-- Data excerpts --
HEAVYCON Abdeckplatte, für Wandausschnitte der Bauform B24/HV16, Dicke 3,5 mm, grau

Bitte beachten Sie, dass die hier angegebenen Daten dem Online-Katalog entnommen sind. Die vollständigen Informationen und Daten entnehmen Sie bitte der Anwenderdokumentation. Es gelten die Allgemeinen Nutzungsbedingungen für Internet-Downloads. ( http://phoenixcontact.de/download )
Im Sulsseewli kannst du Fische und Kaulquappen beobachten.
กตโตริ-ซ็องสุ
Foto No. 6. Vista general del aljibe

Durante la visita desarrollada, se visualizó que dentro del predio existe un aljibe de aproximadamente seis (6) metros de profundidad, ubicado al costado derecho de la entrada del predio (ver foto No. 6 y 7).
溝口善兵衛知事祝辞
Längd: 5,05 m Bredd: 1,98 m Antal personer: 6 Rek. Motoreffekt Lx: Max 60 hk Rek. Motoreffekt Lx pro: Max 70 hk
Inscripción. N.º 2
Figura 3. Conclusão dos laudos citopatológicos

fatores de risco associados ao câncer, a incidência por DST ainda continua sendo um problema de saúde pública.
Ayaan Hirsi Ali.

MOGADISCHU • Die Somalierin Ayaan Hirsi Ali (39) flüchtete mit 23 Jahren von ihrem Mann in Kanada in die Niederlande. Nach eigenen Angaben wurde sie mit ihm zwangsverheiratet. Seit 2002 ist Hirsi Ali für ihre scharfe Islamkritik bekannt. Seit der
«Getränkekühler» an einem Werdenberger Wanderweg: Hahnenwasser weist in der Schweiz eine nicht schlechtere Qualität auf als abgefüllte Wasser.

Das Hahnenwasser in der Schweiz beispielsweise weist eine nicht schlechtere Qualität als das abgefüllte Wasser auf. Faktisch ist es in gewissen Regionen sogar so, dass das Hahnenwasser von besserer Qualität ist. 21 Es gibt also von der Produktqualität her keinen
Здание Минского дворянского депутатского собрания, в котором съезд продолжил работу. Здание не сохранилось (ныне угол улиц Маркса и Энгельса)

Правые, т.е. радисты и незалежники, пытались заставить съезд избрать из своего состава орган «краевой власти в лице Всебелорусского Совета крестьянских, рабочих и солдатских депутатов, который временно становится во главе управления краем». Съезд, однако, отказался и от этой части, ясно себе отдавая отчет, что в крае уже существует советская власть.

-- Work instruction --
Among the records above, extract exactly the lines from the line with "MOGADISCHU • Die" to the line with "als abgefüllte Wasser.", both lines included, and leave out the rest.

-- Task answer --
MOGADISCHU • Die Somalierin Ayaan Hirsi Ali (39) flüchtete mit 23 Jahren von ihrem Mann in Kanada in die Niederlande. Nach eigenen Angaben wurde sie mit ihm zwangsverheiratet. Seit 2002 ist Hirsi Ali für ihre scharfe Islamkritik bekannt. Seit der
«Getränkekühler» an einem Werdenberger Wanderweg: Hahnenwasser weist in der Schweiz eine nicht schlechtere Qualität auf als abgefüllte Wasser.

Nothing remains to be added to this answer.